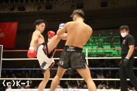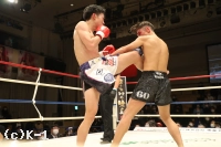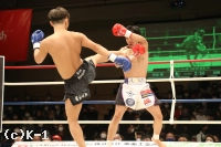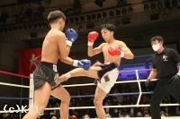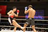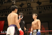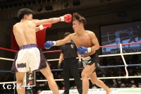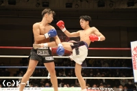 再開すると松谷は左三日月蹴りと左ローを蹴り分け、さらに右カーフキック。そして左ストレート、右ジャブと白幡を徐々に翻弄していく。
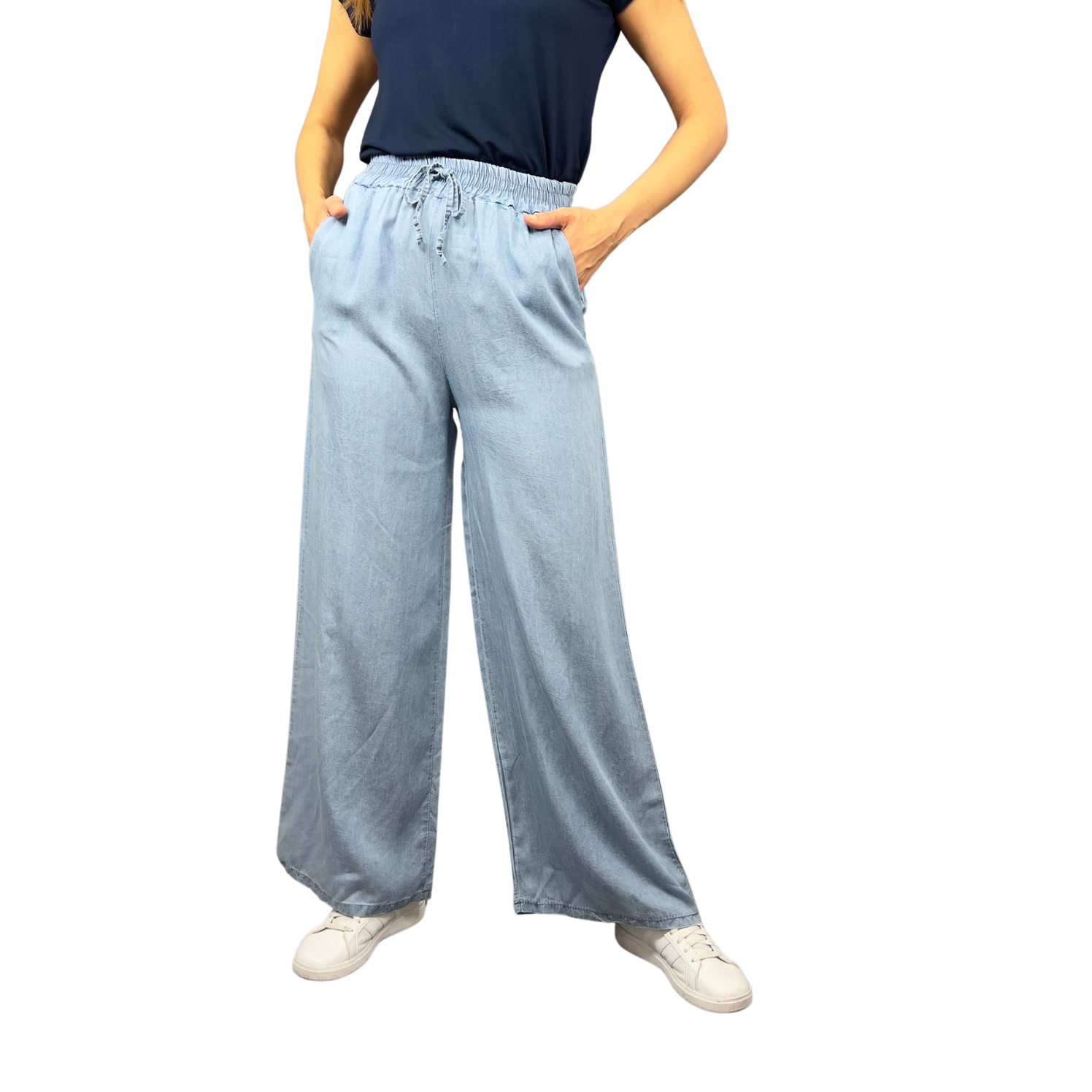 Dopřejte si pohodlí a lehkost s riflovými kalhotami Ocean, které spojují moderní styl s maximálním komfortem. Jejich volný, široký střih a světlý denimový odstín z nich dělají ideální kousek pro každodenní nošení – ať už vyrazíte do města, na procházku nebo do práce. Pružný pas se stahovací šňůrkou zajistí perfektní přizpůsobení postavě a zároveň pohodlí po celý den.
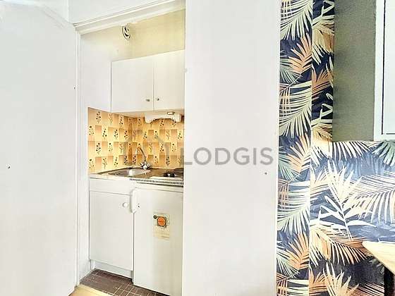 Cet appartement dispose d'une cuisine avec du carrelage au sol et tout l'équipement indispensable pour votre quotidien : plaques de cuisson, réfrigerateur, micro ondes, freezer, vaisselle.
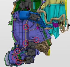 注1 个卡子,3 个连接器,6 个锁片。放置到位前勾上锁片。小心操作,以免损坏连接器/线束。连接连接器时,需支撑膝部气囊。

....................

_TASK OBJECTIVE_
Restate word for word the lines from the one with "Dopřejte si pohodlí" to the end of the material, both included. Do not include the pictures.

_RESPONSE TO THE EXERCISE_
 Dopřejte si pohodlí a lehkost s riflovými kalhotami Ocean, které spojují moderní styl s maximálním komfortem. Jejich volný, široký střih a světlý denimový odstín z nich dělají ideální kousek pro každodenní nošení – ať už vyrazíte do města, na procházku nebo do práce. Pružný pas se stahovací šňůrkou zajistí perfektní přizpůsobení postavě a zároveň pohodlí po celý den.
 Cet appartement dispose d'une cuisine avec du carrelage au sol et tout l'équipement indispensable pour votre quotidien : plaques de cuisson, réfrigerateur, micro ondes, freezer, vaisselle.
 注1 个卡子,3 个连接器,6 个锁片。放置到位前勾上锁片。小心操作,以免损坏连接器/线束。连接连接器时,需支撑膝部气囊。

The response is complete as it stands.